Entry 006 · 2026-04-04

A cryptographic hash function maps an arbitrary-length input to a fixed-length output, ideally with three properties: preimage resistance (given H(x), hard to find x); second-preimage resistance (given x, hard to find x' ≠ x with H(x') = H(x)); and collision resistance (hard to find any pair x, x' with the same hash). The last property is strictly stronger than the others.

Modern hash functions also satisfy an informal property called the avalanche effect: flipping a single input bit should flip, on average, half the output bits, with the flips appearing statistically independent. This is not part of the formal security definition, but it is what makes a hash function useful as a PRF-like building block. A function with poor avalanche may be collision-resistant in a formal sense but useless in constructions that require its output to look random.
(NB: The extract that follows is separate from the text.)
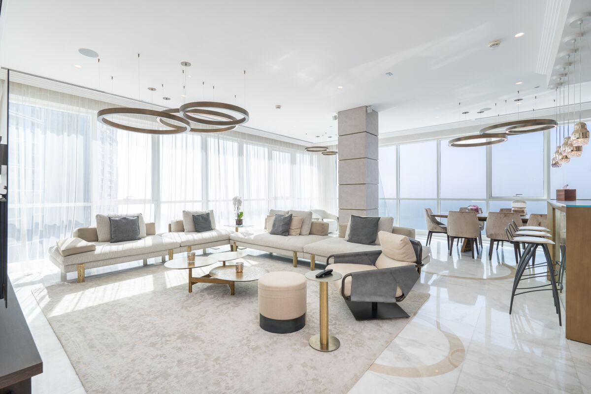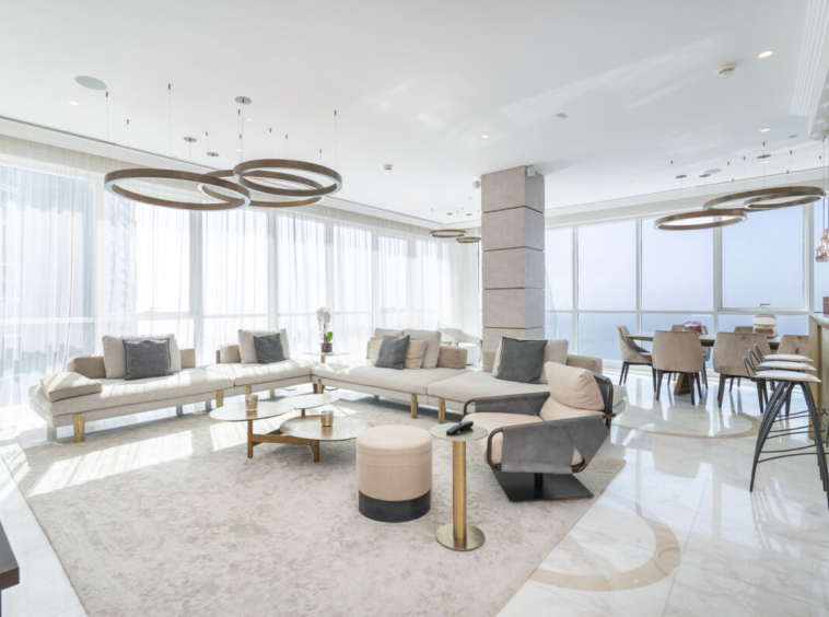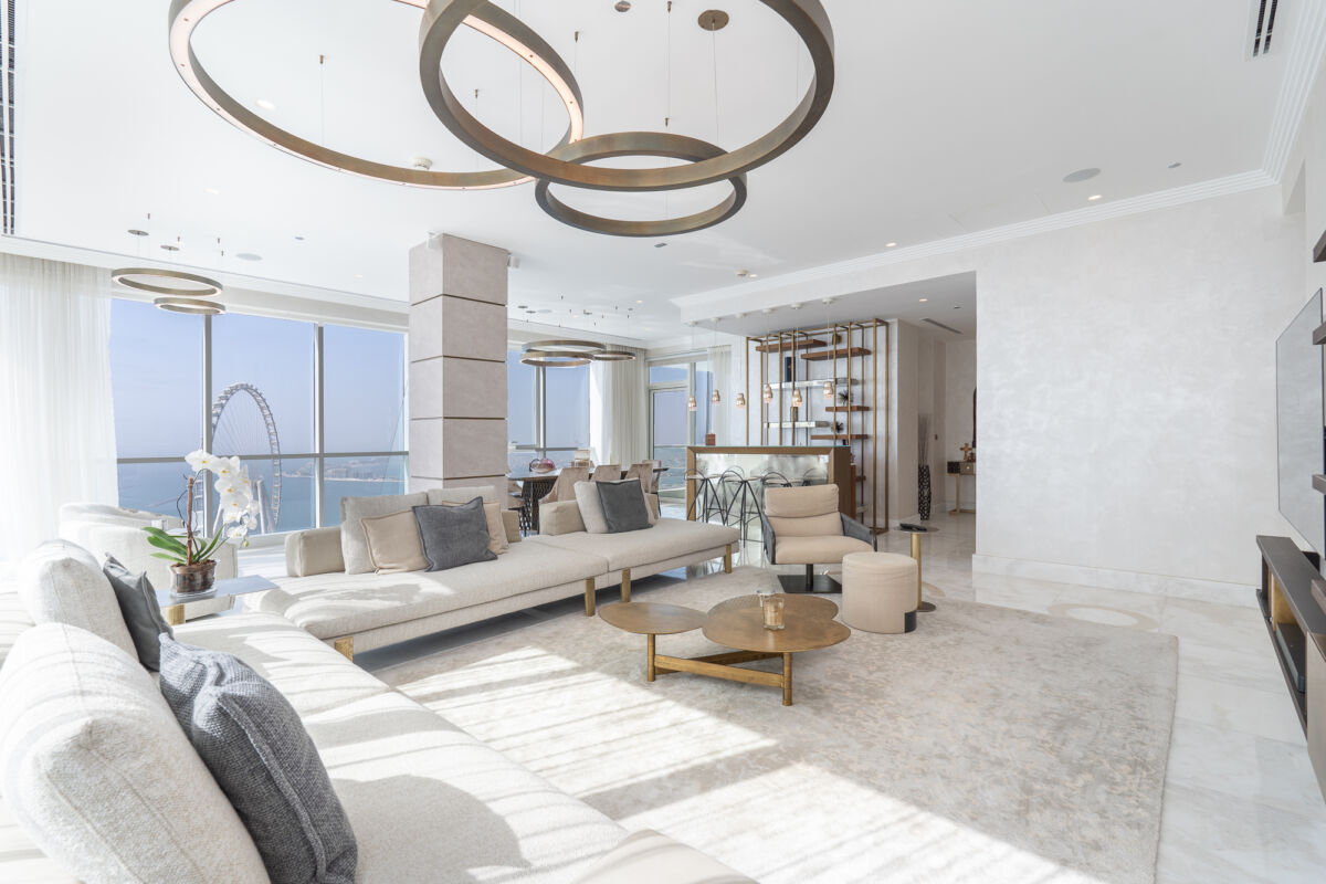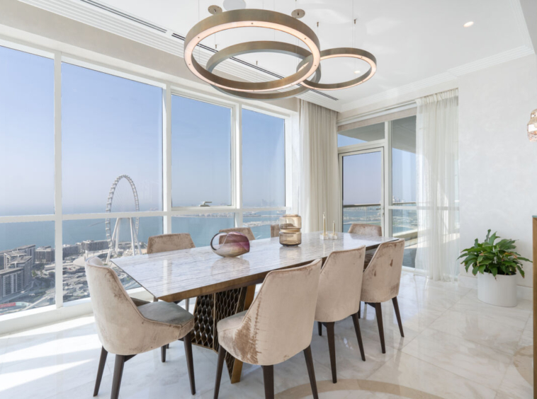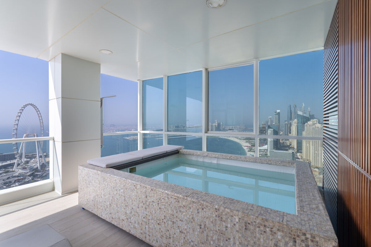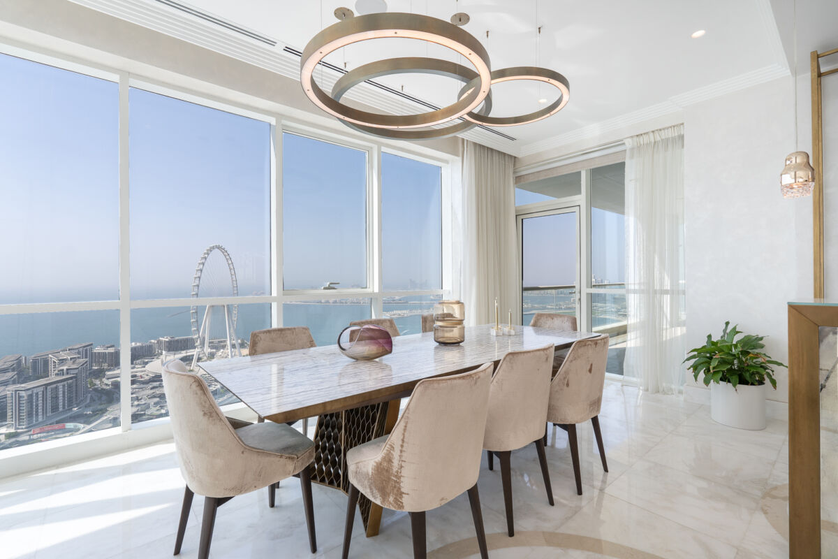 Presentiamo un attico straordinario che occupa un intero piano all’interno di Al Bateen Residences, nel cuore di Jumeirah Beach Residence.Completamente ristrutturato secondo standard impeccabili, offre cinque camere da letto con bagno en-suite e vista mare mozzafiato. Gli interni, firmati da Massimo Castagna e Isabella Genovese, esprimono un’eleganza contemporanea senza compromessi. La cucina open space è dotata di elettrodomestici premium Gaggenau, perfetta per intrattenere con stile.Ampie vetrate, jacuzzi privata in terrazza, sala cinema e quattro posti auto completano questa residenza esclusiva. I residenti godono inoltre di accesso alla spiaggia privata, piscina, spa, palestra e sicurezza 24/7.

The MD5 and SHA-1 families achieved avalanche through repeated rounds of bit-level mixing operations: rotations, additions, XORs, non-linear bit functions like (x ∧ y) ∨ (¬x ∧ z). Each round is too simple to be secure on its own, but the composition spreads any single-bit change throughout the state within a few rounds. The security margin is the gap between the number of rounds the function uses and the number of rounds that have been broken.

SHA-2 followed the same Merkle–Damgård lineage with larger state and more rounds. SHA-3, the result of the NIST competition won by Keccak, took a different structural approach (the sponge construction) that we'll revisit in a later entry. The lineage is a useful study in incremental hardening: each generation responded to specific weaknesses found in the previous, and each generation has held up at least as long as its predecessor.